Soft forks do not require all nodes to upgrade at the same time,allowing for gradual upgrades, and do not affect the stability and effectiveness of the system in the process of soft fork process. It can ensure that people who do not want to upgrade do not have to, which is a common requirement in real life.
The upgrade space for soft forks is limited because the current Bitcoin transaction data structure and block data structure have all fields well defined. If you want to ensure forward compatibility, t is impossible to add new fields, or the old node will reject them.So the upgrade space for soft forks is restricted to the redefinition of existing fields. This includes that the "block size" field in the block data structure cannot be redefined, soft fork can never achieve a breakthrough in the 1M block. Moreover, if there is a slight error in this extremely complex compatibility, it may cause new and old nodes to be incompatible, leading to a hard fork. This has already happened once before.

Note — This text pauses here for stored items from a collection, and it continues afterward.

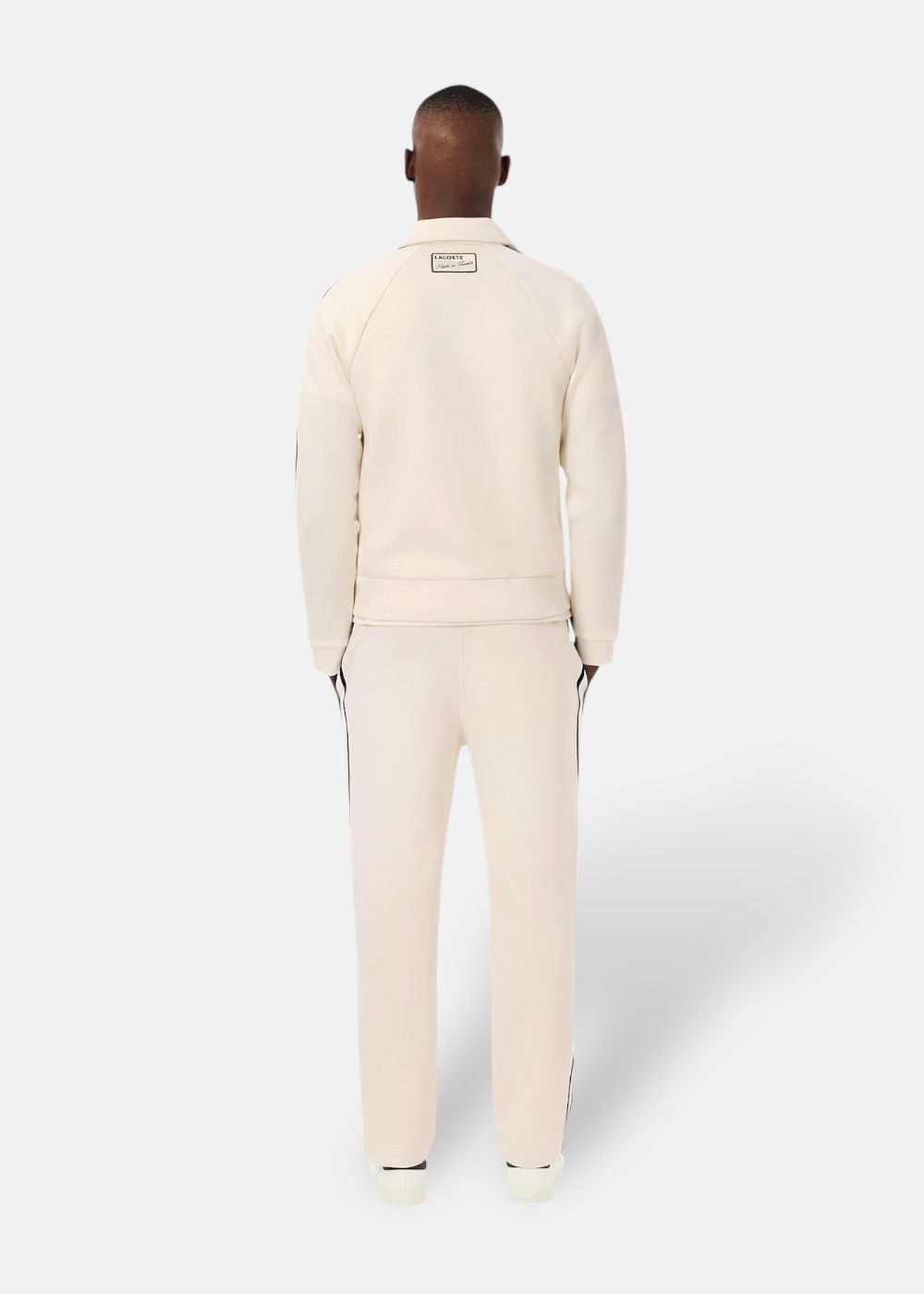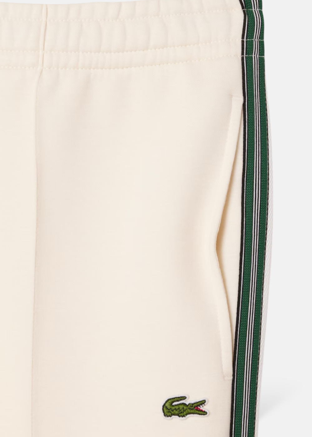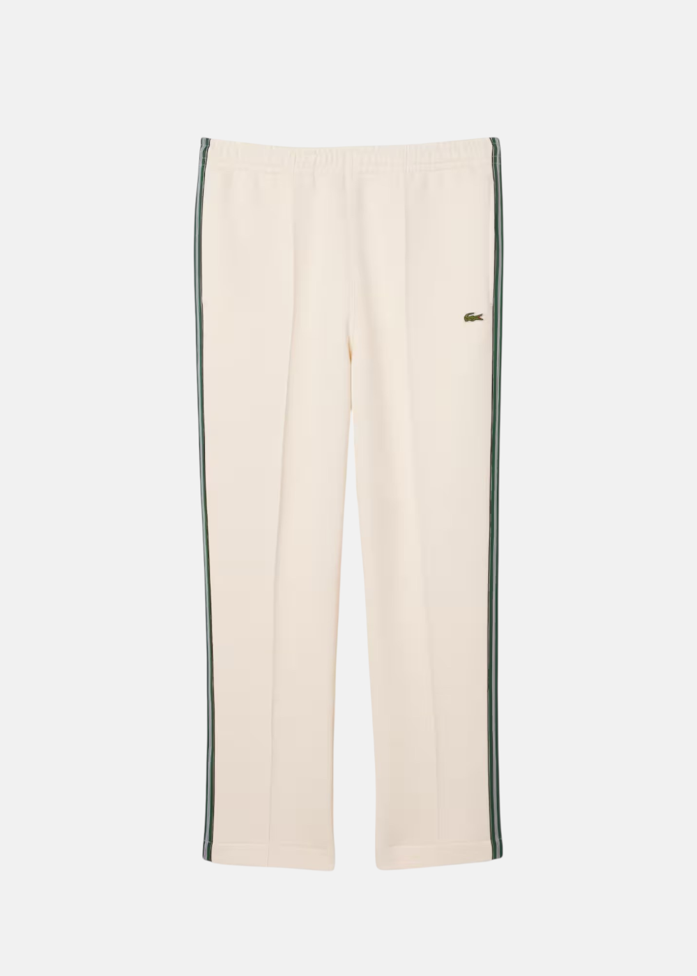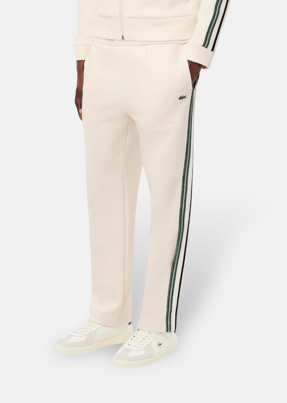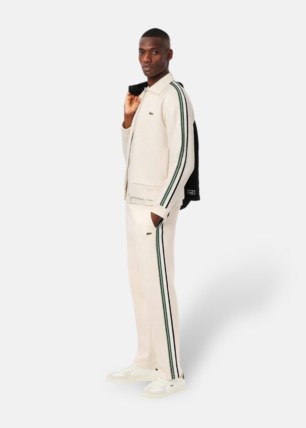 Fabriqué en France, ce pantalon de survêtement Lacoste associe confort et élégance sportive. Son jersey coton double face, ses plis cousus et ses bandes rayées contrastantes en font une pièce premium.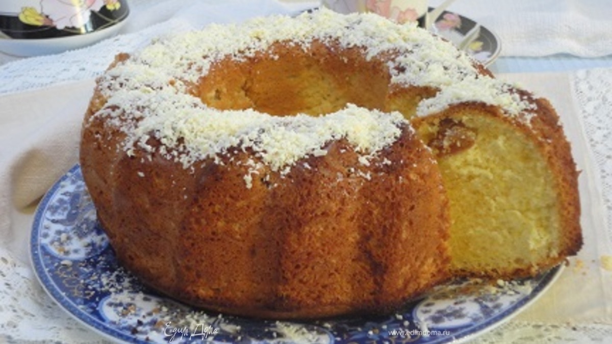 Готовый кекс оставить в форме на 10 минут, затем извлечь и окончательно остудить на решетке. Посыпать сахарной пудрой. В этот раз я перевернула его горячим и посыпала тертым белым шоколадом. Можно сделать и глазурь шоколадную или лимонную. Солнечное настроение получилось!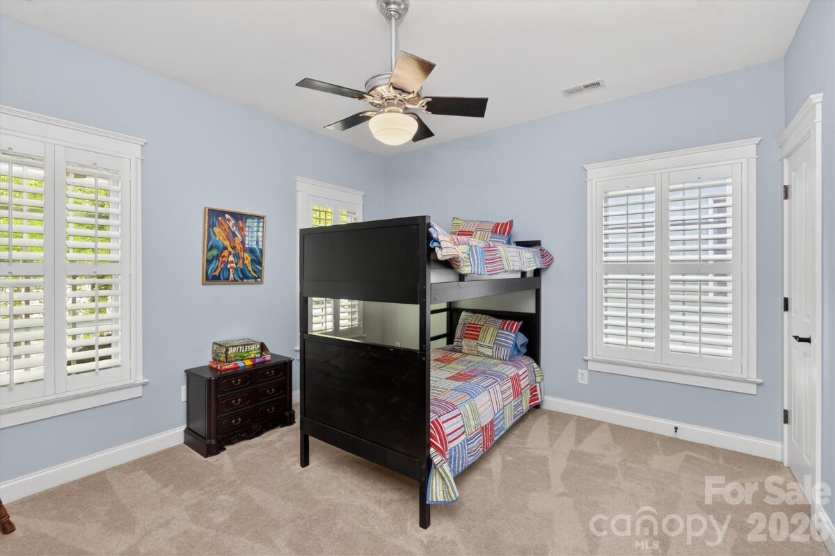 Experience the timeless CHARM of living in BAXTER VILLAGE from the Southern DOUBLE front porch of this stunning, one owner, home! RENOVATED kitchen with white cabinets and backsplash, DOUBLE convection oven, stainless steel appliances, granite countertops, and large island for cooking and gathering. The family room serves as the heart of the home, anchored by a stunning STONE fireplace that adds warmth, texture, and a natural focal point. Double French doors lead into an extended recreational room. This separate yet accessible space offers incredible flexibility - it can function as a playroom, additional home office, gym, media room, or guest retreat. The French doors provide the option to keep the space open for a continuous feel or closed off for privacy when needed. Formal dining room, office, and laundry room complete the first floor. Second floor with owner's suite and updated owner's bath, FOUR secondary bedrooms (one with ensuite) and plenty of STORAGE! PRIVATE, fenced, professionally landscaped yard with irrigation, a HOT TUB, patio, fire pit, and PRIVATE access to the community walking trails. Enjoy SOLAR PANELS for affordable utility bills, NEW interior/exterior paint, TANKLESS water heater, refinished HARDWOOD floors throughout the first floor, and PLANTATION SHUTTERS. WALKING distance to the community clubhouse, pool, tennis courts, shopping/dining, and Music in the Park. Southern CHARM, endless AMENITIES, and AWARD WINNING Fort Mill Schools! Baxter Village has it all!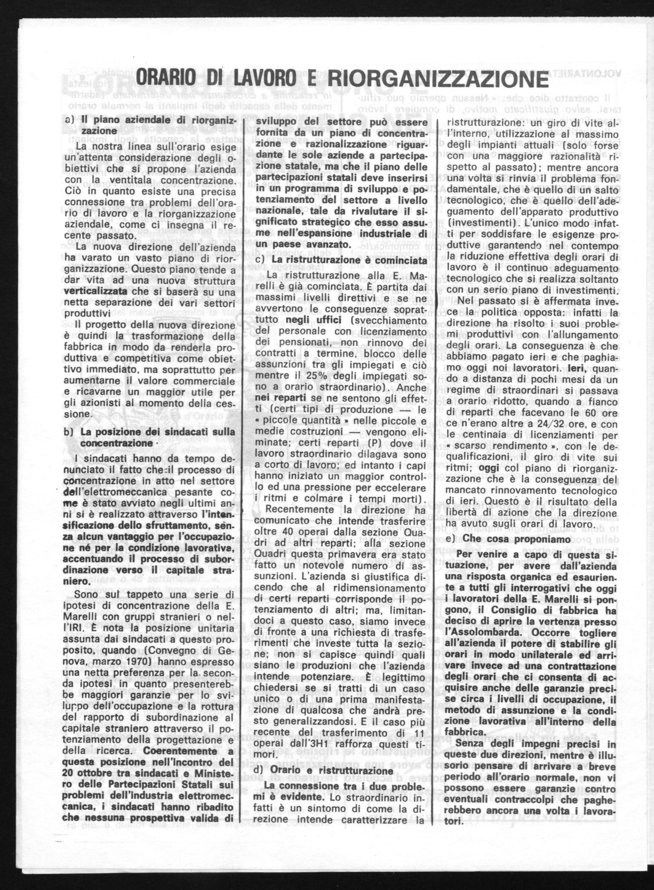 Per venire a capo di questa situazione, per avere dall'azienda una risposta organica ed esauriente a tutti gli interrogativi che oggi i lavoratori della E. Marelli si pongono, il Consiglio di fabbrica ha deciso di aprire la vertenza presso l'Assolombarda. Occorre togliere all'azienda il potere di stabilire gli orari in modo unilaterale ed arrivare invece ad una contrattazione degli orari che ci consenta di acquisire anche delle garanzie precise circa i livelli di occupazione, il metodo di assunzione e la condizione lavorativa all'interno della fabbrica.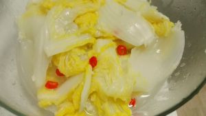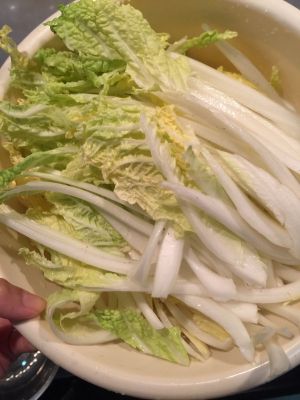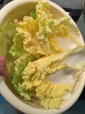 1.娃娃菜每片掰开,洗净后放入煮锅焯烫3分钟关火盖盖儿闷置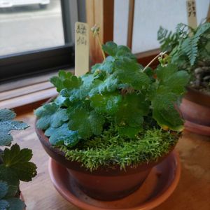 〈地味投稿〉今日のお昼は、鶴岡麦やさん(鉢確認も兼)にしました。1️⃣ダイモンジソウ「緑仙」2️⃣「聖(ひじり)」3️⃣「寒わらび」無事茎伸びそれらしくなり、三種置きました。4️⃣「トキワシノブ」居心地良いから根が、自宅にいる以上に回り始めてます。お客様の声に反応するみたい。家には🤔帰りたくないように見え、帰宅は来月にします。ヤブランはお店(写メ無し)入口に、今は置かせてもらってます。

The upgrade space for hard forks is much larger,because hard forks only need to consider whether old nodes can accept the transactions and blocks produced by previous versions,and do not need to consider whether the old nodes can accept the transactions and blocks produced by the new node.Therefore,hard forks allow for more aggressive modifications to transaction and block data structures.
Finally, we will see that there is a field called "version number" in the transaction data structure and the block data structure, which means "clarifying the rules for this transaction or block reference".This means that it was originally intended to use a hard fork to modify these rules. That is, if we want to modify the rules, we need to redefine the version number. However,a softfork modifies the rules without modifying the "version number".The soft fork and hard fork involve the problem of decentralized node software, protocol and version upgrade, which is very important and worth discussing.Therefore, when developing and maintaining a blockchain, forking is an important issue that needs to be considered in advance.
Why Forks Occur?
Forking occurs mainly when a transaction is initiated again when the network node has not finished processing, resulting in a UTXO being spent more than twice. This creates different blocks in the network.Because block creation depends on the previous block, the subsequent blocks will also gradually diverge, which is the most common reason for generating blocks.
Generally,in this situation, there are two possibilities:
- Due to network congestion, if a newly created transaction from an account fails to be broadcasted to the entire network, using the same UTXO to initiate another transaction and building a block can cause a fork.
- If an account initiates transactions simultaneously on multiple nodes and broadcasts them through different paths for block building, it can cause forks.
Double-spending
Double-spending [^5]:https://en.wikipedia.org/wiki/Double-spending
Management of Forks
When a transaction is created and passes through the consensus layer, it will be verified on a randomly selected node that has the best data state. The first scenario mentioned above occurs when a transaction is used for the second time after the UTXO is first used. The available nodes with the best data state will identify this and abandon the transaction to prevent double spending. If the second scenario occurs, the transaction will be discarded after being checked during the pre-growth phase in the block pool, making it impossible to complete the consensus and avoiding double spending.
If for some reason a fork still occurs, it is necessary to resolve the issue as soon as possible. Transformers has established a cyclic check mechanism in the synchronization algorithm, which uses the Practical Byzantine Fault Tolerance algorithm to perform block missing and block incorrectness checks on node data. If a node detects a missing or incorrect block, it will use the aforementioned mechanism to add or remove the block.